Omit all pictures, then repeat the listing exactly.

# [Information supplied]

⟨

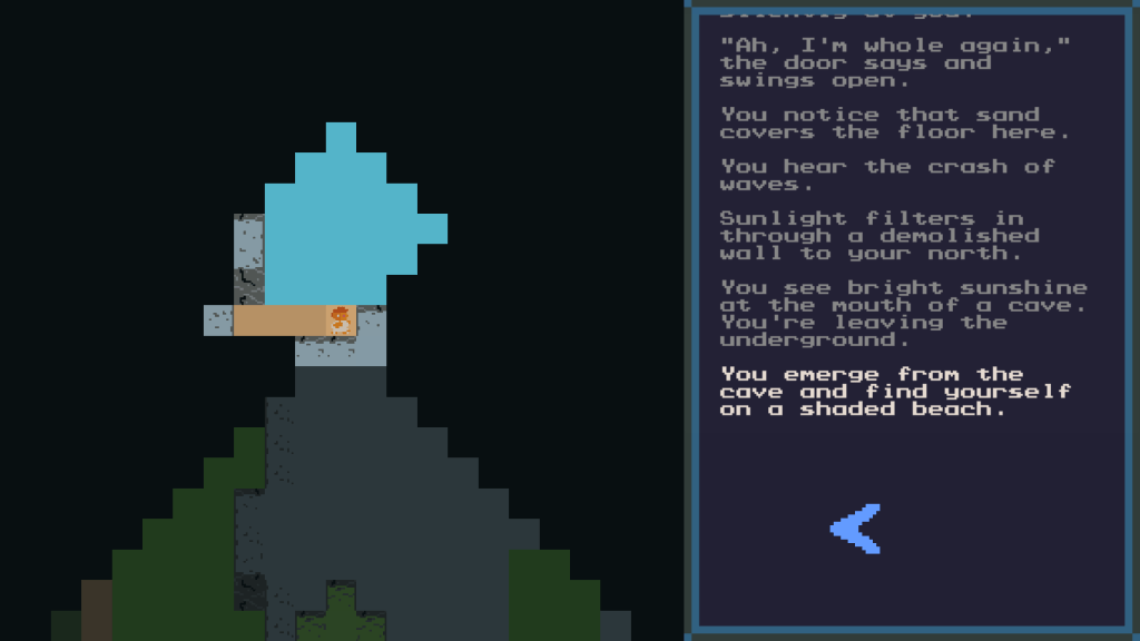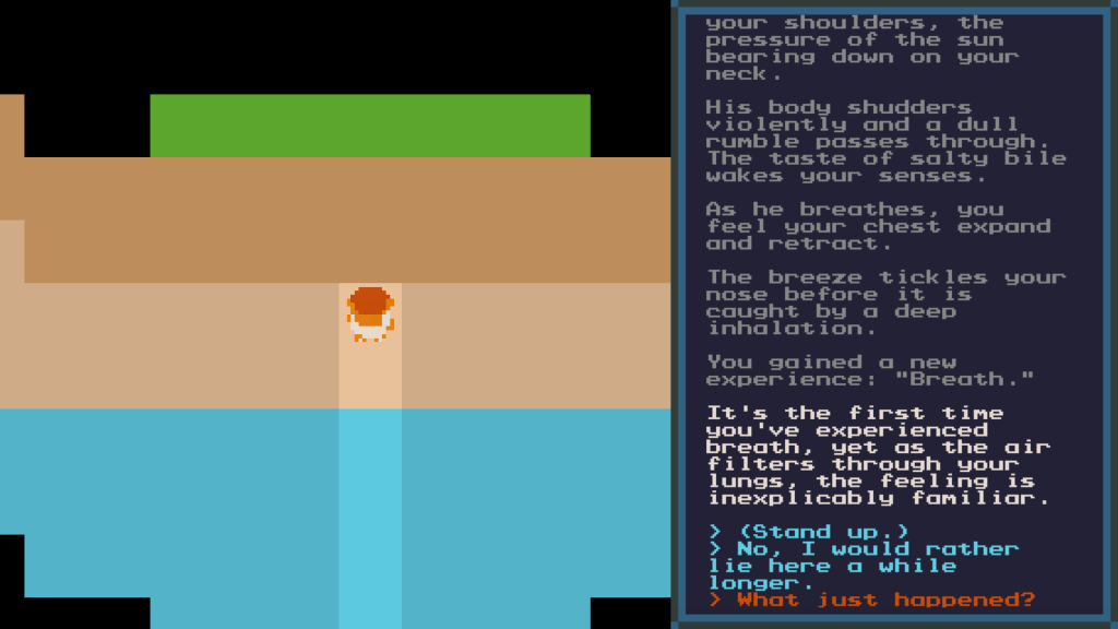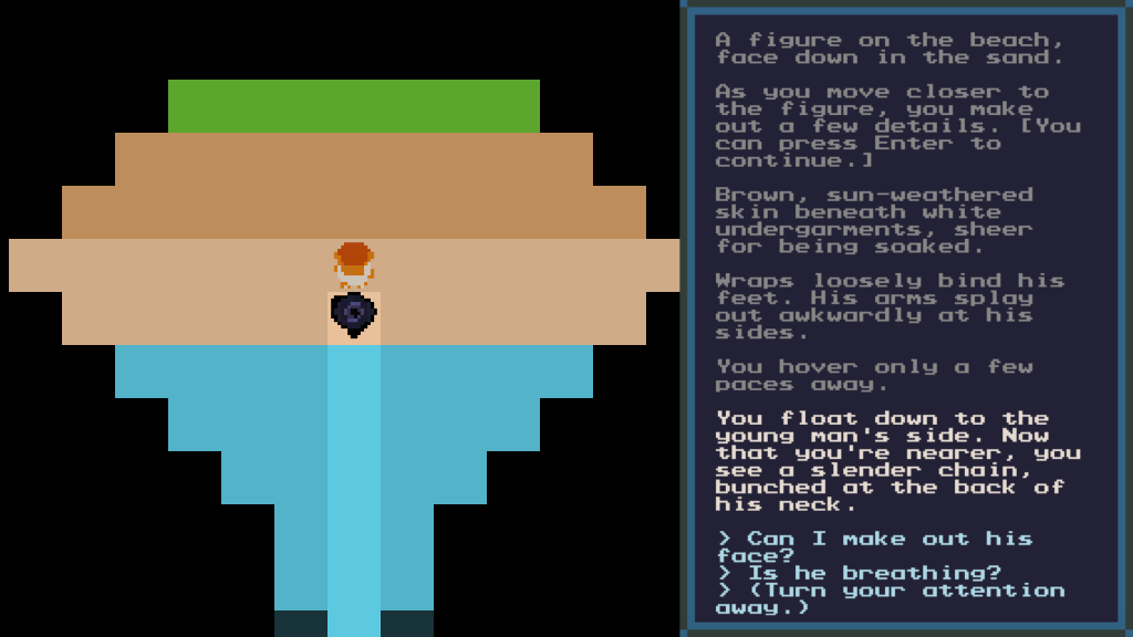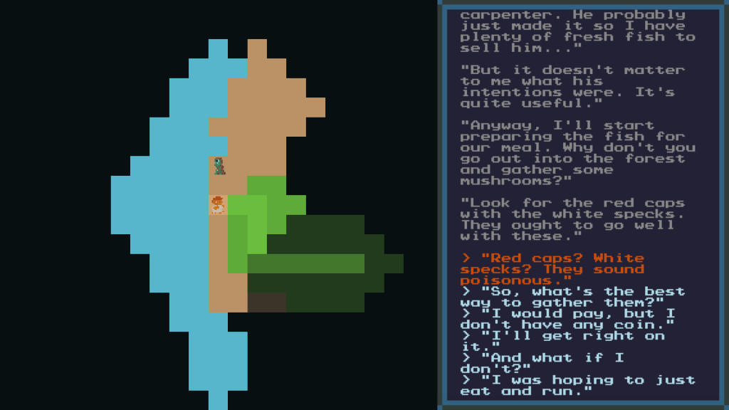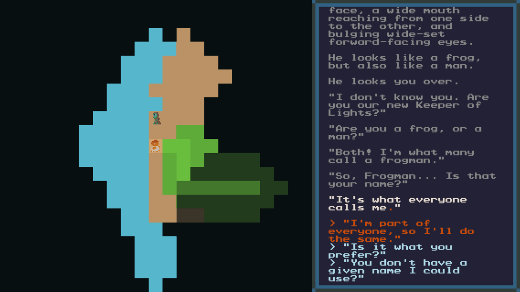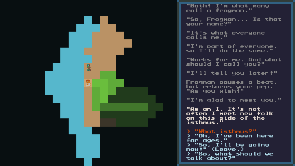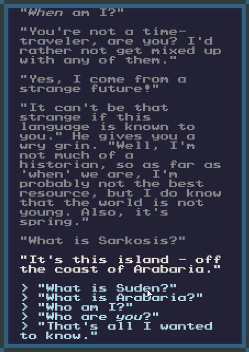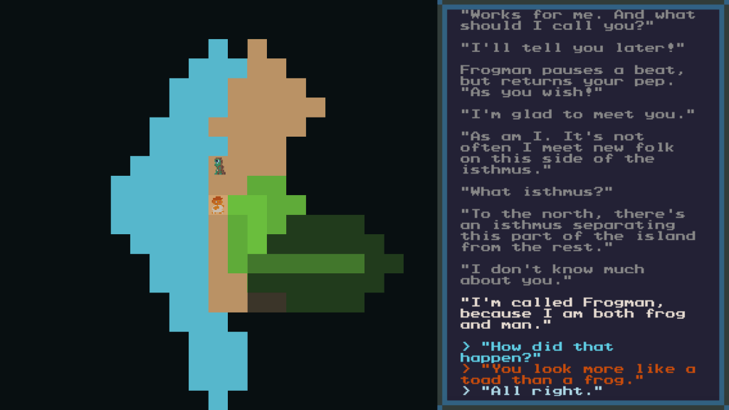 Washed Ashore contains one extensive conversation with a non-playable character as well as a few other shorter conversations. The dialog branches based on the player’s choice. My philosophy in interactive fiction is to allow the player to express themselves at all times. This is achieved usually by giving the player an option to accept, reject, deflect, or ignore any situation at any time (a model adapted from Jon Ingold’s “Sparkling Dialog” talk).
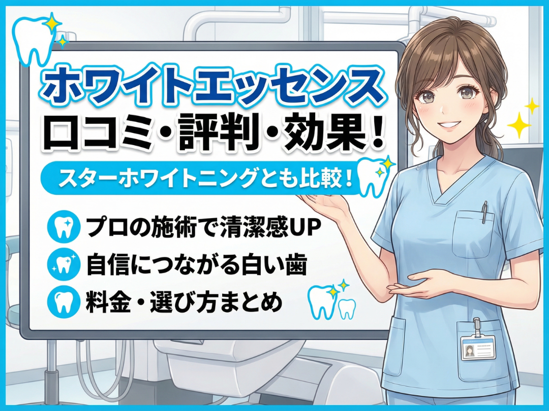 そこで本記事では、大手ホワイトニングブランド「ホワイトエッセンス」の口コミ・評判、料金、効果を調査してまとめました。あわせて、低価格で人気の「スターホワイトニング」とも比較し、自分に合う選び方を整理します。ホワイトニング選びで後悔しないために、ぜひ参考にしてください。
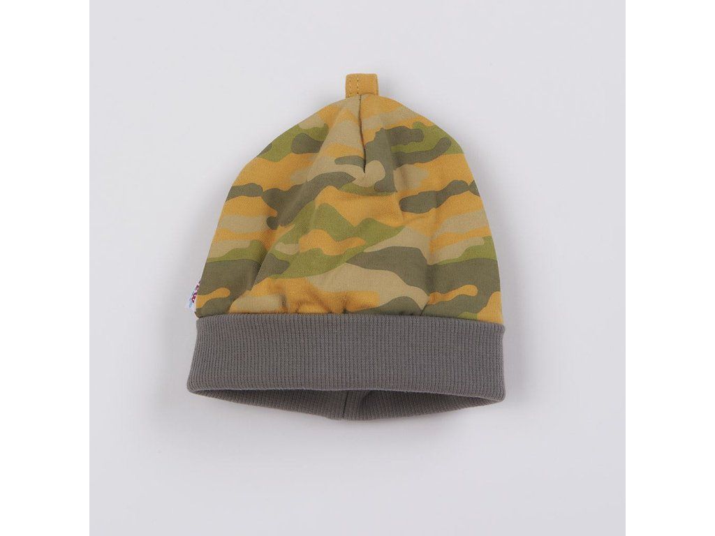 Štýlová bavlnená kojenecká čiapočka New Baby With Love pre bábätká. Čiapočka je vhodná pre bábätká už od narodenia. Je celopotlačená moderným maskáčovým vzorom a má širší lem, ktorý netlačí na hlavičku bábätka. Zloženie: 100% bavlna.Dodatočné parametre
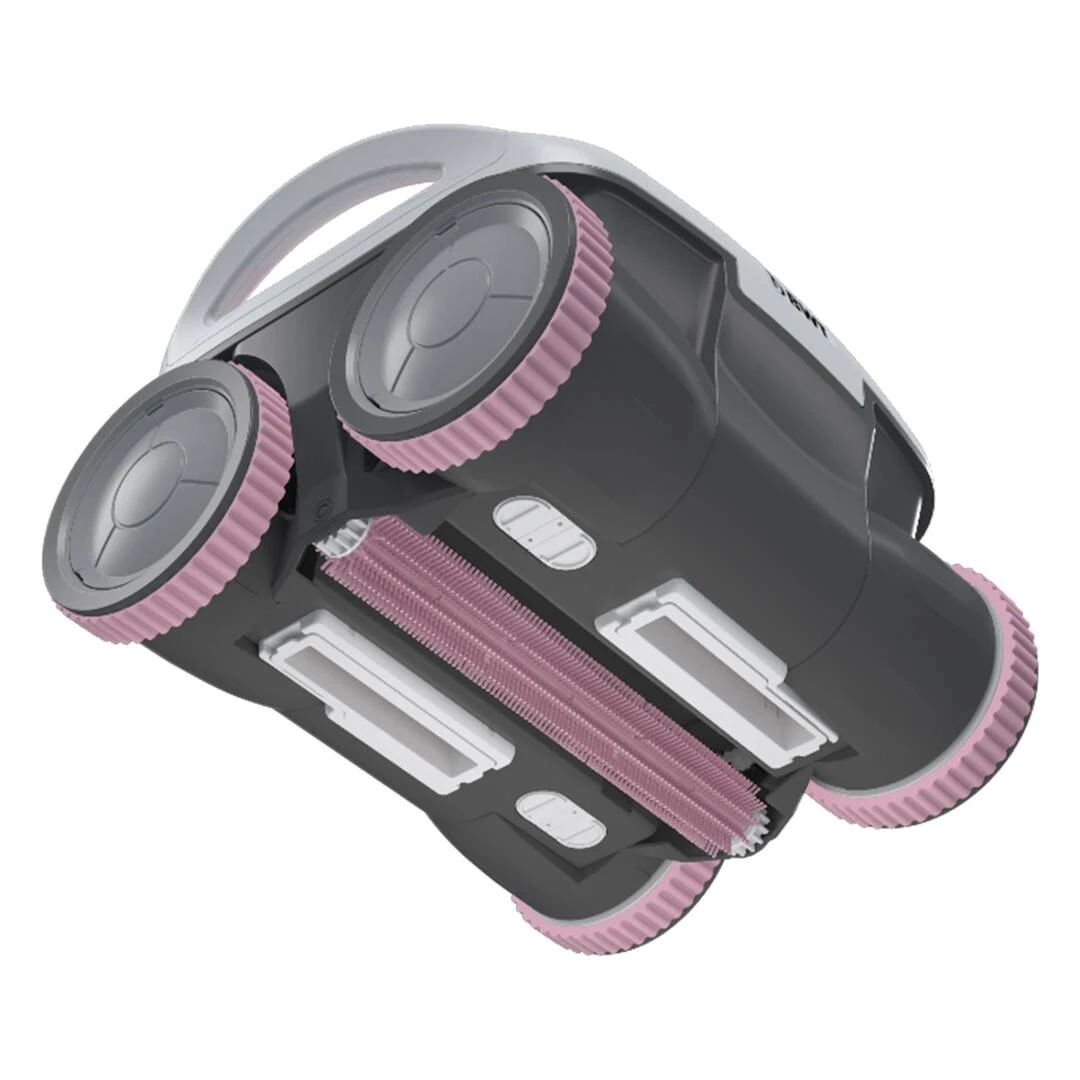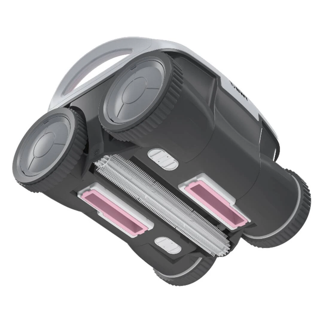 Grâce à ses 4 roues brosses de nettoyage, il déloge les saletés pour laisser la surface parfaitement propre. La brosse rotative supplémentaire assure un nettoyage impeccable du fond de la piscine.

⟩

# [Task output]
 Washed Ashore contains one extensive conversation with a non-playable character as well as a few other shorter conversations. The dialog branches based on the player’s choice. My philosophy in interactive fiction is to allow the player to express themselves at all times. This is achieved usually by giving the player an option to accept, reject, deflect, or ignore any situation at any time (a model adapted from Jon Ingold’s “Sparkling Dialog” talk).
 そこで本記事では、大手ホワイトニングブランド「ホワイトエッセンス」の口コミ・評判、料金、効果を調査してまとめました。あわせて、低価格で人気の「スターホワイトニング」とも比較し、自分に合う選び方を整理します。ホワイトニング選びで後悔しないために、ぜひ参考にしてください。
 Štýlová bavlnená kojenecká čiapočka New Baby With Love pre bábätká. Čiapočka je vhodná pre bábätká už od narodenia. Je celopotlačená moderným maskáčovým vzorom a má širší lem, ktorý netlačí na hlavičku bábätka. Zloženie: 100% bavlna.Dodatočné parametre
 Grâce à ses 4 roues brosses de nettoyage, il déloge les saletés pour laisser la surface parfaitement propre. La brosse rotative supplémentaire assure un nettoyage impeccable du fond de la piscine.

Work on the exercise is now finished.